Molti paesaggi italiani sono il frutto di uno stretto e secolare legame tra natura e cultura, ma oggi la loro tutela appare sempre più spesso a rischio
...
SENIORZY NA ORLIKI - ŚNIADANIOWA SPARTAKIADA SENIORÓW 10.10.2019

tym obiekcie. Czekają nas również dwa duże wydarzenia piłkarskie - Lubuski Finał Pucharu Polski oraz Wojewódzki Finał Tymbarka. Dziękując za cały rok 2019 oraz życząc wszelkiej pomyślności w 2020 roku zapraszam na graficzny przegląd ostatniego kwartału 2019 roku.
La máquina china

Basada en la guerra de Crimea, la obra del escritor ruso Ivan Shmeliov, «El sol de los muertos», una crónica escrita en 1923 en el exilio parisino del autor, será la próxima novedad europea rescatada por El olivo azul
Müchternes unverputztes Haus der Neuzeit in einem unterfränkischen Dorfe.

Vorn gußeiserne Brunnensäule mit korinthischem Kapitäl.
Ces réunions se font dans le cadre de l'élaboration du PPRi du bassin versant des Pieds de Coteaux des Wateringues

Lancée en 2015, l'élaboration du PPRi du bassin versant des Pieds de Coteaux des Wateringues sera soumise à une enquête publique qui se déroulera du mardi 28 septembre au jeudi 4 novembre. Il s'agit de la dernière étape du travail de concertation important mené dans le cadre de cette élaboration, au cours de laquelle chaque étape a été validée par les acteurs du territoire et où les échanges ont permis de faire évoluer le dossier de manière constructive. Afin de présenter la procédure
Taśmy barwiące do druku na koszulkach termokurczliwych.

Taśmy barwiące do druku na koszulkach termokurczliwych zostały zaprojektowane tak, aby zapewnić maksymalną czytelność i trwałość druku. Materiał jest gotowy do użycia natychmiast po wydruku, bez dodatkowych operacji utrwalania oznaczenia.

# Exercise details
The lines above from the one containing "Vorn gußeiserne Brunnensäule" through the one containing "Ces réunions se" are to be set down exactly, and no others.

# Solution
Vorn gußeiserne Brunnensäule mit korinthischem Kapitäl.
Ces réunions se font dans le cadre de l'élaboration du PPRi du bassin versant des Pieds de Coteaux des Wateringues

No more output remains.